When I run the code it complaints about missing libmkl_intel_lp64.so but when i do ldd for xhpl, it shows no dependency on libmkl_intel_lp64.so. Moreover i’ve used openblas to compile HPL not sure why is it asking for an intel make library!

Any suggestions.

What I run:
/root/hpl/mpich/bin/mpirun -np 1 -hostfile nodes ./run_linpack

Error:
libmkl_intel_lp64.so: cannot open shared object file: No such file or directory

Dependency tree:
ldd xhpl
linux-vdso.so.1 => (0x00007ffeb597c000)
libpthread.so.0 => /lib64/libpthread.so.0 (0x00007fd1e10f4000)
libdgemm.so.1 => /root/hpl/hpl-2.0_FERMI_v15_latest/src/cuda/libdgemm.so.1 (0x00007fd1e0eeb000)
libcublas.so.9.1 => /usr/local/cuda/lib64/libcublas.so.9.1 (0x00007fd1dd954000)
libcuda.so.1 => /usr/lib64/nvidia/libcuda.so.1 (0x00007fd1dcdb4000)
libcudart.so.9.1 => /usr/local/cuda/lib64/libcudart.so.9.1 (0x00007fd1dcb45000)
libopenblas.so.0 => /root/hpl/openblas/lib/libopenblas.so.0 (0x00007fd1dbbb6000)
libmpi.so.12 => /root/hpl/mpich/lib/libmpi.so.12 (0x00007fd1db737000)
libgomp.so.1 => /lib64/libgomp.so.1 (0x00007fd1db510000)
libc.so.6 => /lib64/libc.so.6 (0x00007fd1db14d000)
/lib64/ld-linux-x86-64.so.2 (0x00005633fe7d7000)
librt.so.1 => /lib64/librt.so.1 (0x00007fd1daf45000)
libdl.so.2 => /lib64/libdl.so.2 (0x00007fd1dad40000)
libstdc++.so.6 => /lib64/libstdc++.so.6 (0x00007fd1daa38000)
libm.so.6 => /lib64/libm.so.6 (0x00007fd1da736000)
libgcc_s.so.1 => /lib64/libgcc_s.so.1 (0x00007fd1da51f000)
libnvidia-fatbinaryloader.so.390.30 => /usr/lib64/nvidia/libnvidia-fatbinaryloader.so.390.30 (0x00007fd1da2d3000)
libgfortran.so.3 => /lib64/libgfortran.so.3 (0x00007fd1d9fb1000)
libquadmath.so.0 => /lib64/libquadmath.so.0 (0x00007fd1d9d74000)

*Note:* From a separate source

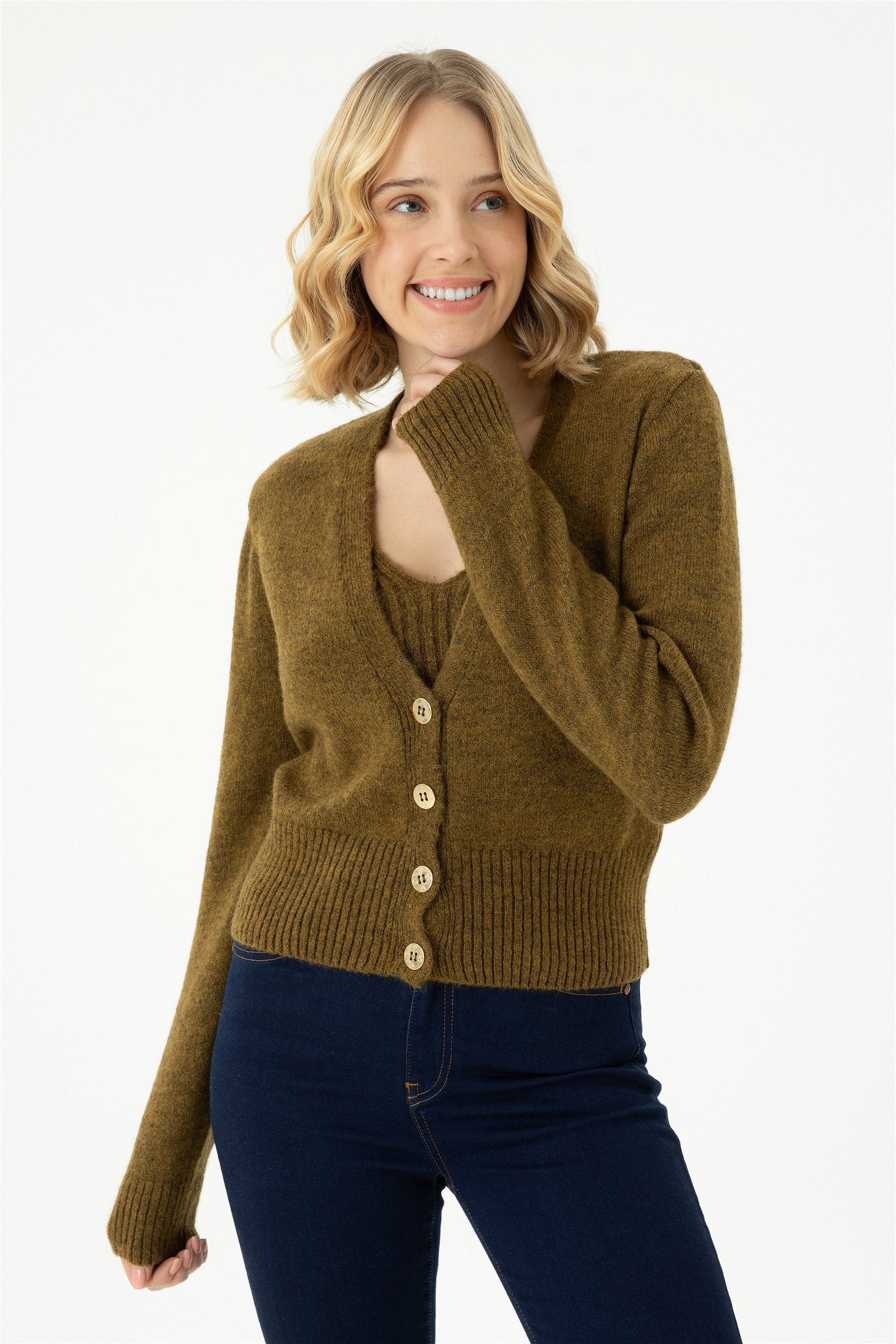 Ženski Khaki Kardigan

*Can’t see libmkl_intel_lp64.so mentioned anywhere there but still everytime i run HPL it complaints about missing libmkl_intel_lp64.so

Thanks,
Karan

my guess would be that your Make.CUDA file is calling out a link dependency on MKL.

For example the libdgemm.so that gets built may be depending on MKL.

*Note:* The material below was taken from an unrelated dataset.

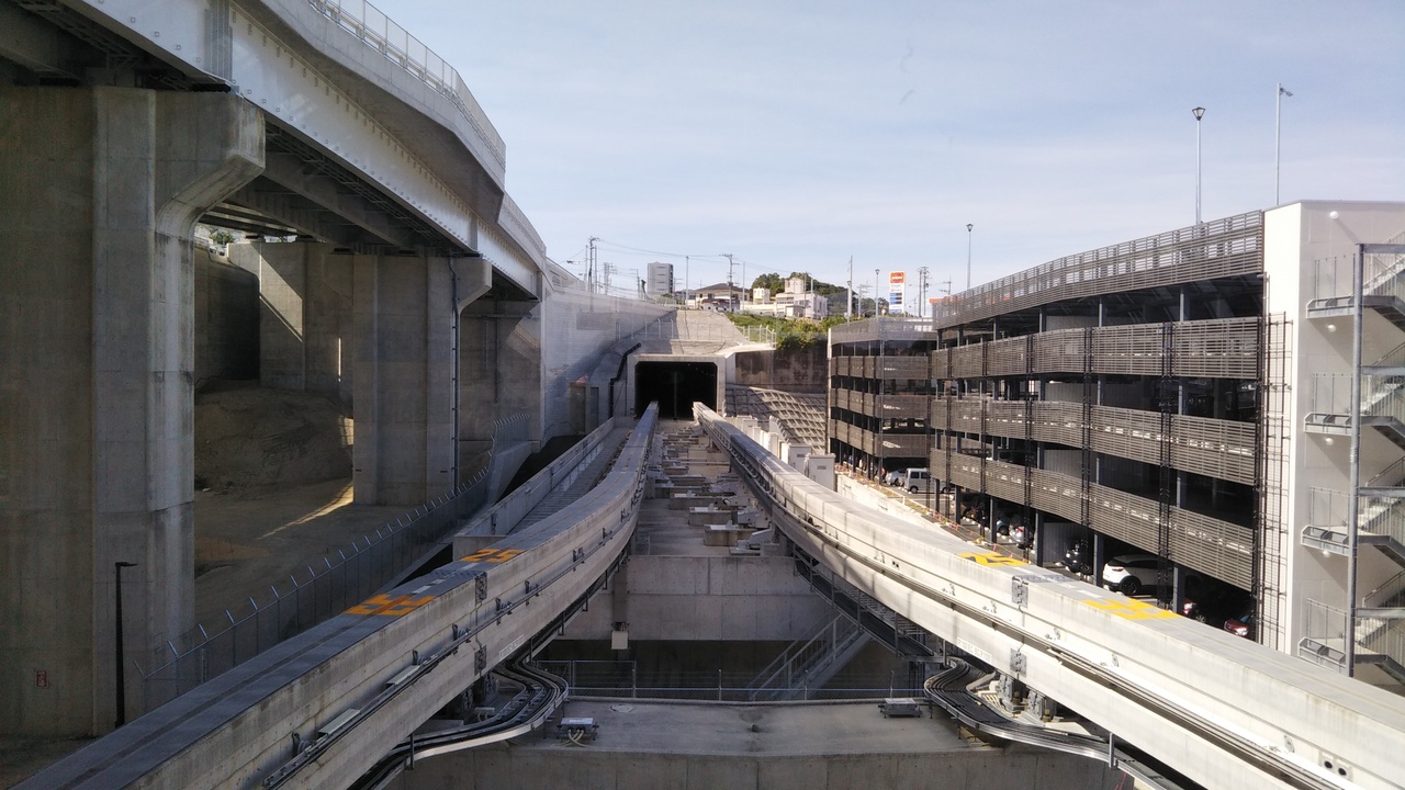 新しい終点てだこ浦西まで乗ってみると、ゆいレールでただ一つのトンネルがあった。

try lddtree instead of ldd

note that lddtree is not part of a standard linux install; you’ll need to google around and learn how to install it yourself if you want to use it. Another similar tool is tldd.

However, if you don’t want to install something, just run ldd on the dependent libraries such as libdgemm.so

But it’s probably even simpler if you just carefully inspect and parse the Make.CUDA

Having said all that, I think you’re unlikely to get interesting or useful results using that very old version of HPL on any modern (e.g. Maxwell, Pascal, or Volta) GPUs. It was designed with Fermi in mind.

If you google around on these forums for other references to HPL, you’ll find more description about this; I’m not going to repeat it all here.